The extensive connectivity and data storage capabilities of the cloud make it an appealing target for cybercriminals.
“Identities in particular are a key threat in cloud environments given they are the keys to accessing these resources,” elaborates Bernard. “If compromised, they enable attackers to gain access to everything, particularly sensitive data and systems.”
And it is not just worrying about your own organisation's attack surface. Many companies will work with third-parties to help integrate and manage these systems into their infrastructure. Which introduces yet another attack surface.
A 2024 study by software company Blackberry showed how 74% of software supply chains were also exposed to cyberattacks in the last twelve months.
This growing attack surface has unfortunately seen security teams spending time focusing efforts on reactively mitigating cyberattacks, rather than preventing them in the first instance. In fact, a 2023 tenable study showed 58% of respondents said their cybersecurity team was too busy fighting critical incidents to take a preventive approach to reducing their organisation’s exposure to attacks.
Defending the surface
Despite the scope of the task ahead, tactics, procedures and technology are on hand to help develop a strategy to get organisations more security.
“When it comes to proactive cyber practices, the basics still trip up security teams,” Bernard remarked. “Security teams need to be able to map every cloud asset, identity, and risk to identify toxic combinations and attack paths that pose the greatest threat to the business.”
What this means in practice is having a plan for exposure management. Built on the foundations of risk-based vulnerability management, exposure management takes a broader view across the modern attack surface.
Mitigation involves continuously identifying, assessing, and fixing vulnerabilities and risks across an organisation's digital infrastructure, and entails systematically discovering all digital assets, including IT systems, cloud resources, web applications, IoT devices, and mapping the entire attack surface to understand potential entry points for threats.
Yet, this takes a lot of hours looking into. With the cybersecurity sector having a perennial staffing shortage, problems arise.
“This creates a budget and resourcing problem, but this also manifests itself as a prioritisation issue,” explains Pete.“It's hard for security teams to align to the business objectives and protect/monitor the organisation against the entirety of the potential for security issues,”
This strategy, however, can be augmented by AI, helping build a better observer of the surface. Through this, AI can monitor endpoints, and when an external device connecting in has a change in behaviour, from either its or designated normal activity, they can have their access automatically revoked.
“With generative AI — such as Google Virtex AI, OpenAI GPT-4, LangChain and many others — it is possible to search for patterns, to return new intelligent information in minutes in simple language even non-technical people can understand, that helps decide what actions to take to reduce cyber risk,” explains Bernard.

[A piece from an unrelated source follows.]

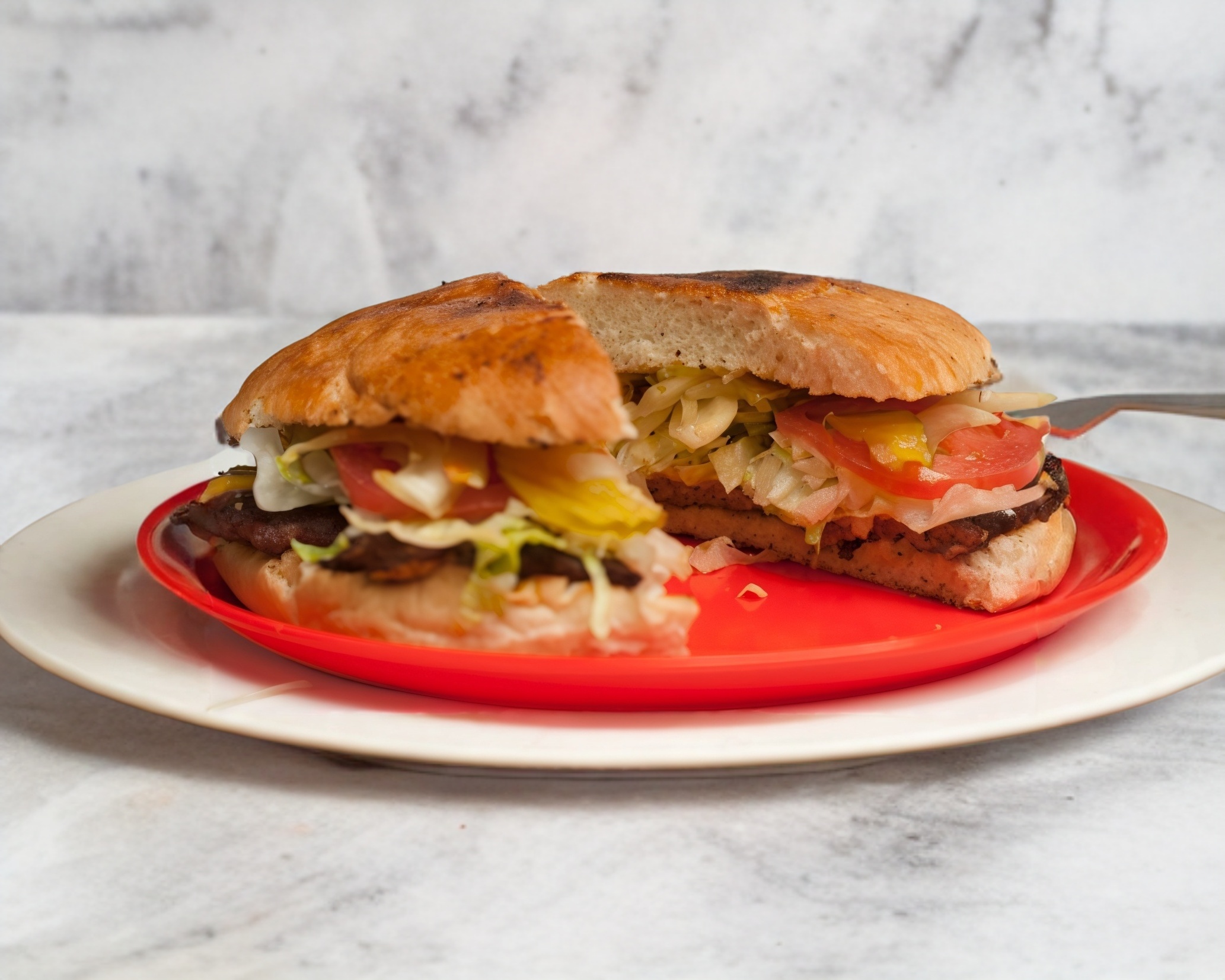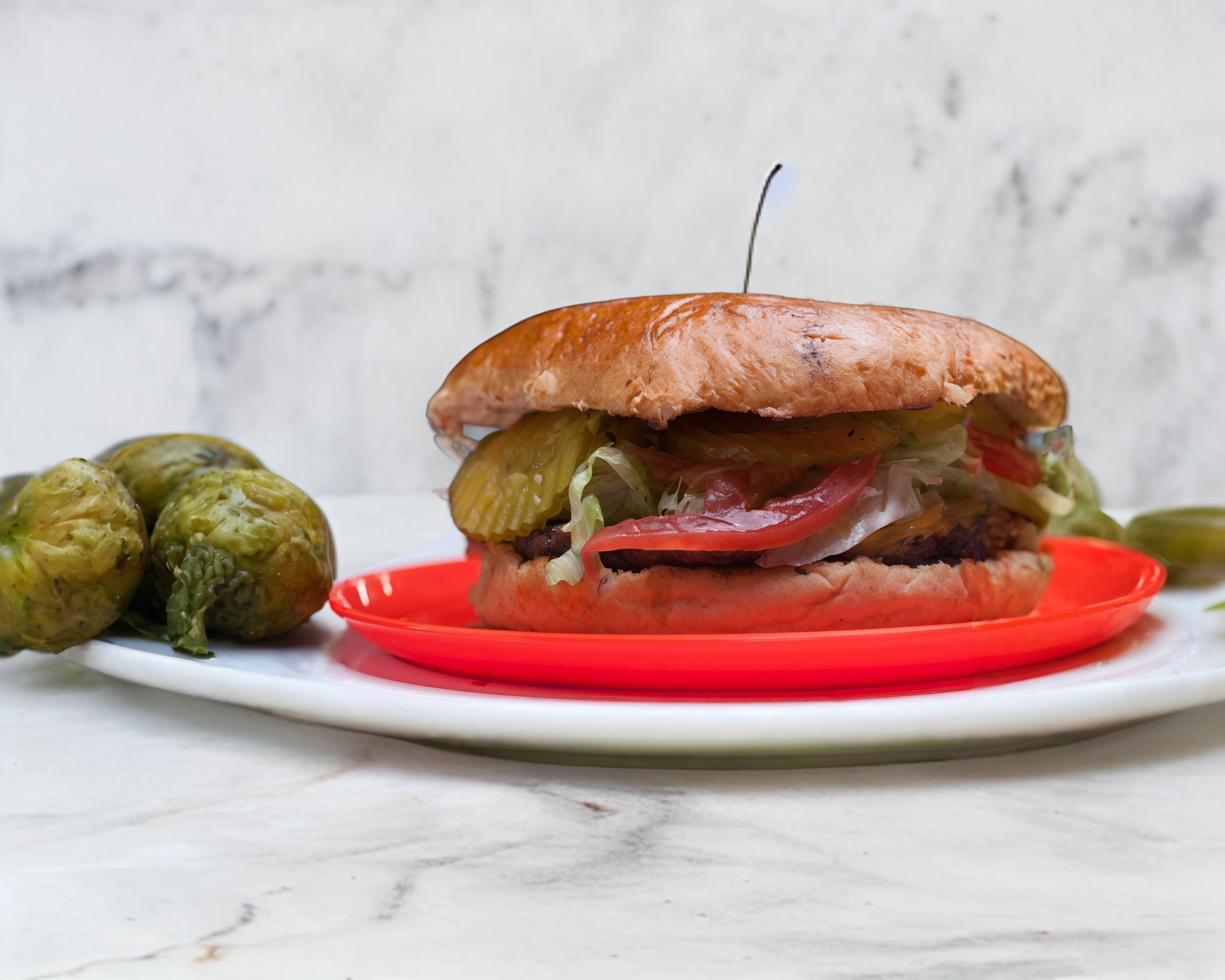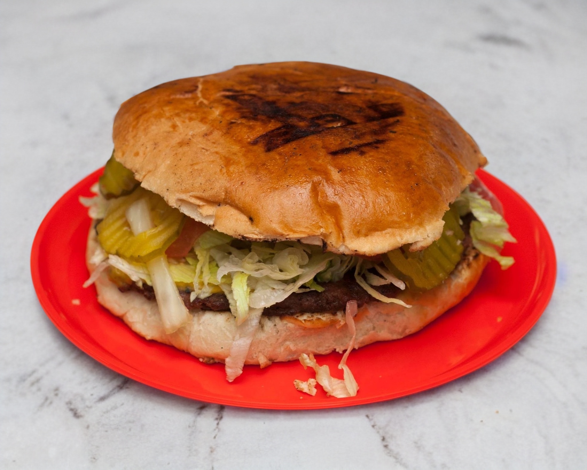 Hamburguesa de pollo sabor grillo, con mayonesa, lechuga, pepinillo, cebolla y aderezo raanch.
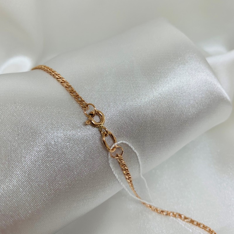 Lanț de aur 585 feminin și în același timp puternic, cu tăietură de diamant strălucitor. Lanțurile și brățările din aur creează accentul necesar în imagine și atrag atenția asupra bogăției și luxului accesoriilor, deoarece aurul este frumos, stilat, șic, scump.

Addressing the expanding surface
As organisations' infrastructure continues to expand, the attack surface will only grow larger, making them increasingly open for cyber threats. With more work also being done on the cloud, the haul for a single successful attack can be vast.
But as Bernard explains, the point isn’t to try to secure every surface now exposed. “By focusing resources on what poses the greatest risk, and understanding how attackers chain multiple flaws together, security teams can design more complete strategies that expose where they’re most at risk and close the priority gaps to protect against attacks,” Bernard concludes.
By gaining an overview of what is exposed, who has access, what does access consist of, and how it is configured, organisations can prioritise remediation efforts based on actual risk rather than using what limited resources they have to secure everything in a batten down all hatches approach.